EXERCISE REQUIREMENTS:
Once "Terzo piano: Ingresso" turns up in a line below, reproduce that line and those after it exactly, stopping after the line with "La ayuda prestada"; leave pictures out.

---------- DATA PROVIDED ----------

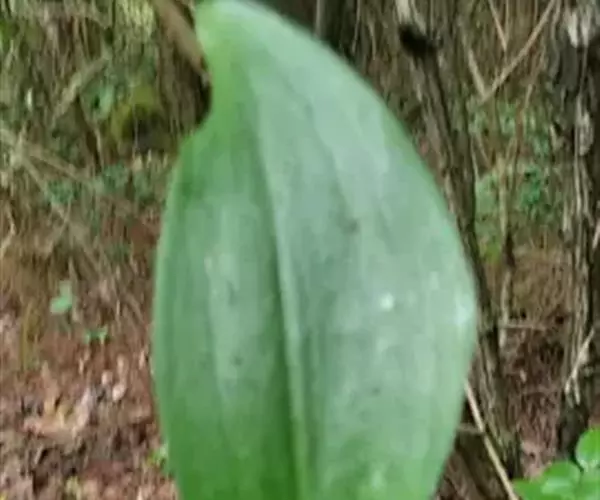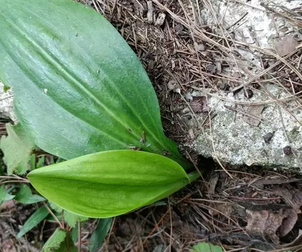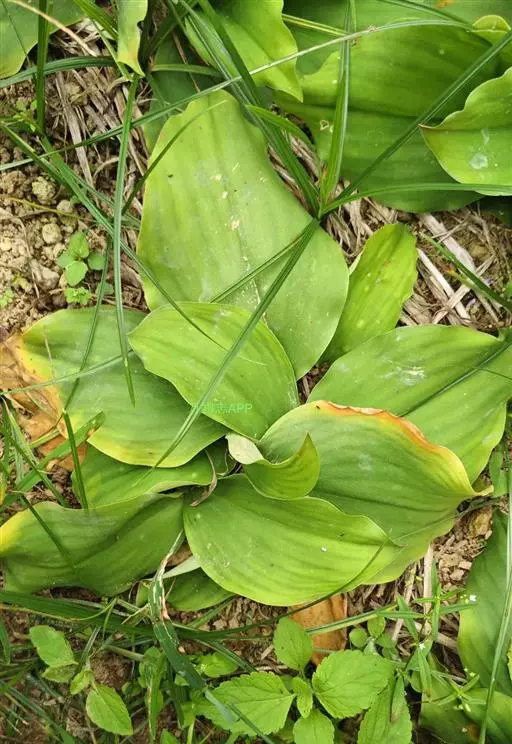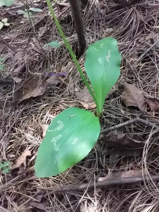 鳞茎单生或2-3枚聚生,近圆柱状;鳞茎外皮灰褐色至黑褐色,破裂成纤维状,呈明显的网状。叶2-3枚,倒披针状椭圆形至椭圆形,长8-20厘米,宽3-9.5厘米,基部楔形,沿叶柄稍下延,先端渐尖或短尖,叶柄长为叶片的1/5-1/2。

----------
---------- DATA PROVIDED ----------

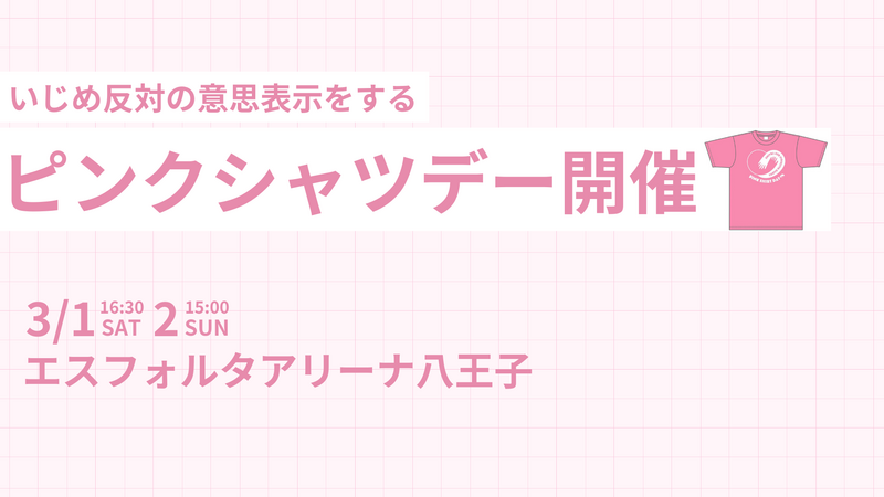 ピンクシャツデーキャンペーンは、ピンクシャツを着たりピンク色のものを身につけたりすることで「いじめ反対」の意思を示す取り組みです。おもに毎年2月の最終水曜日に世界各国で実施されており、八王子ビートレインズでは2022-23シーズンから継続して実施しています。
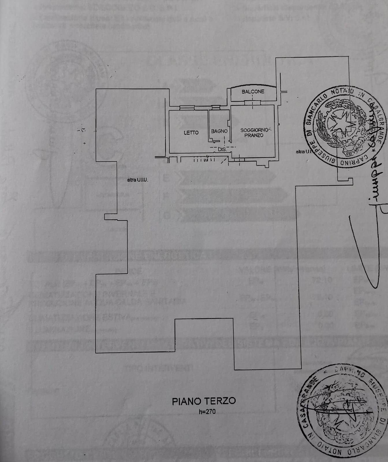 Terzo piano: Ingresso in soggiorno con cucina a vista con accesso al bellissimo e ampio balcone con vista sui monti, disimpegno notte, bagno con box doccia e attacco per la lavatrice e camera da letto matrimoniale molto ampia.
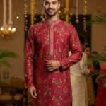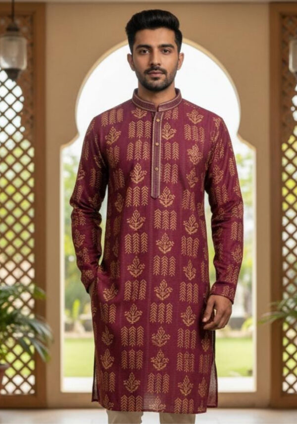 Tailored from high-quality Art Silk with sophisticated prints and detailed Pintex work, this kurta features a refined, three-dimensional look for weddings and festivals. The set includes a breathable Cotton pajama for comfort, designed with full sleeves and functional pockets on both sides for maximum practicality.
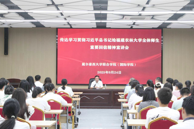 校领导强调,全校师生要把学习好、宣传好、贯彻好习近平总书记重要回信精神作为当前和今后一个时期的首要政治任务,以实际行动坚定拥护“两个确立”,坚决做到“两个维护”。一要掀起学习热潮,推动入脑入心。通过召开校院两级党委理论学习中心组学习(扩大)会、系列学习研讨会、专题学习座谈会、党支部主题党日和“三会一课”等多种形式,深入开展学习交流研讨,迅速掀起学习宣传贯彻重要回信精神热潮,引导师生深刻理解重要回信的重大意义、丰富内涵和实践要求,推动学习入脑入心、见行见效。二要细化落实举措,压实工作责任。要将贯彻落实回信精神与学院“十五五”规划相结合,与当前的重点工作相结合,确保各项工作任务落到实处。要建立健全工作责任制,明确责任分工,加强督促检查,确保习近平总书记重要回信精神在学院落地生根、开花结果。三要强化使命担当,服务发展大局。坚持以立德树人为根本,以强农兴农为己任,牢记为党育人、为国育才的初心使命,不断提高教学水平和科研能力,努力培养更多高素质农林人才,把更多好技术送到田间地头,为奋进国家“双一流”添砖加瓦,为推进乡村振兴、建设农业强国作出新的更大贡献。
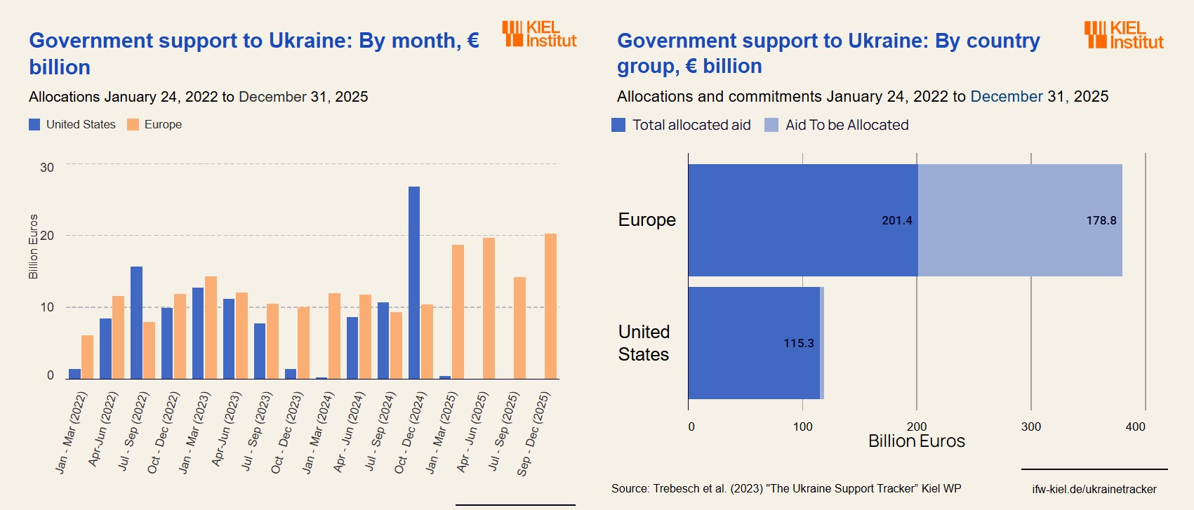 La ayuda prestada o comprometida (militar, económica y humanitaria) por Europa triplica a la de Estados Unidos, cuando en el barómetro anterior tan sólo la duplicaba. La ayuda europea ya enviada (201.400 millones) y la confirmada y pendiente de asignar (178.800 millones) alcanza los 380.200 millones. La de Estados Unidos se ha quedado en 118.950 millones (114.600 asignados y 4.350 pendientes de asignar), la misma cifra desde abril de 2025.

----------
---------- DATA PROVIDED ----------

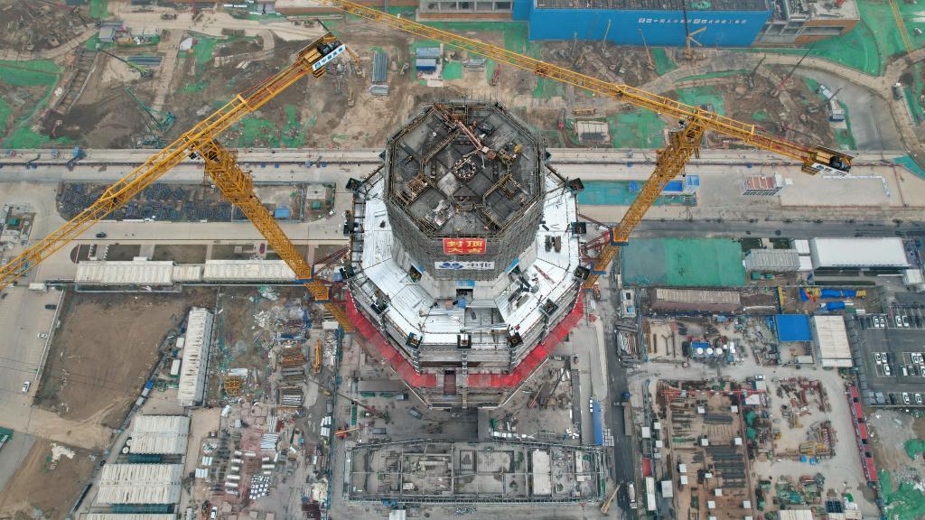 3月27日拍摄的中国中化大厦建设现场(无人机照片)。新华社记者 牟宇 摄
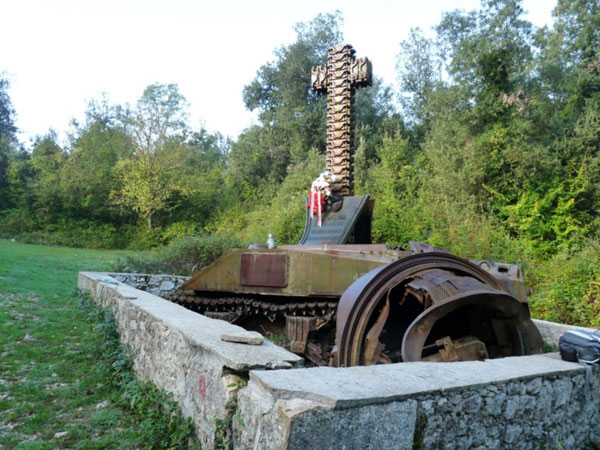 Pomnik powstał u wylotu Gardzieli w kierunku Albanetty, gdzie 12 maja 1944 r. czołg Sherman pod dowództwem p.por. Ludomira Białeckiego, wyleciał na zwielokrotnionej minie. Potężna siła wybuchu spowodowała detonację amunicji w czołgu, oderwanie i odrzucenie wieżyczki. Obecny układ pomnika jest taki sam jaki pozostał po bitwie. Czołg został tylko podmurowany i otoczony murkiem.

----------

WRITTEN REPLY:
 Terzo piano: Ingresso in soggiorno con cucina a vista con accesso al bellissimo e ampio balcone con vista sui monti, disimpegno notte, bagno con box doccia e attacco per la lavatrice e camera da letto matrimoniale molto ampia.
 Tailored from high-quality Art Silk with sophisticated prints and detailed Pintex work, this kurta features a refined, three-dimensional look for weddings and festivals. The set includes a breathable Cotton pajama for comfort, designed with full sleeves and functional pockets on both sides for maximum practicality.
 校领导强调,全校师生要把学习好、宣传好、贯彻好习近平总书记重要回信精神作为当前和今后一个时期的首要政治任务,以实际行动坚定拥护“两个确立”,坚决做到“两个维护”。一要掀起学习热潮,推动入脑入心。通过召开校院两级党委理论学习中心组学习(扩大)会、系列学习研讨会、专题学习座谈会、党支部主题党日和“三会一课”等多种形式,深入开展学习交流研讨,迅速掀起学习宣传贯彻重要回信精神热潮,引导师生深刻理解重要回信的重大意义、丰富内涵和实践要求,推动学习入脑入心、见行见效。二要细化落实举措,压实工作责任。要将贯彻落实回信精神与学院“十五五”规划相结合,与当前的重点工作相结合,确保各项工作任务落到实处。要建立健全工作责任制,明确责任分工,加强督促检查,确保习近平总书记重要回信精神在学院落地生根、开花结果。三要强化使命担当,服务发展大局。坚持以立德树人为根本,以强农兴农为己任,牢记为党育人、为国育才的初心使命,不断提高教学水平和科研能力,努力培养更多高素质农林人才,把更多好技术送到田间地头,为奋进国家“双一流”添砖加瓦,为推进乡村振兴、建设农业强国作出新的更大贡献。
 La ayuda prestada o comprometida (militar, económica y humanitaria) por Europa triplica a la de Estados Unidos, cuando en el barómetro anterior tan sólo la duplicaba. La ayuda europea ya enviada (201.400 millones) y la confirmada y pendiente de asignar (178.800 millones) alcanza los 380.200 millones. La de Estados Unidos se ha quedado en 118.950 millones (114.600 asignados y 4.350 pendientes de asignar), la misma cifra desde abril de 2025.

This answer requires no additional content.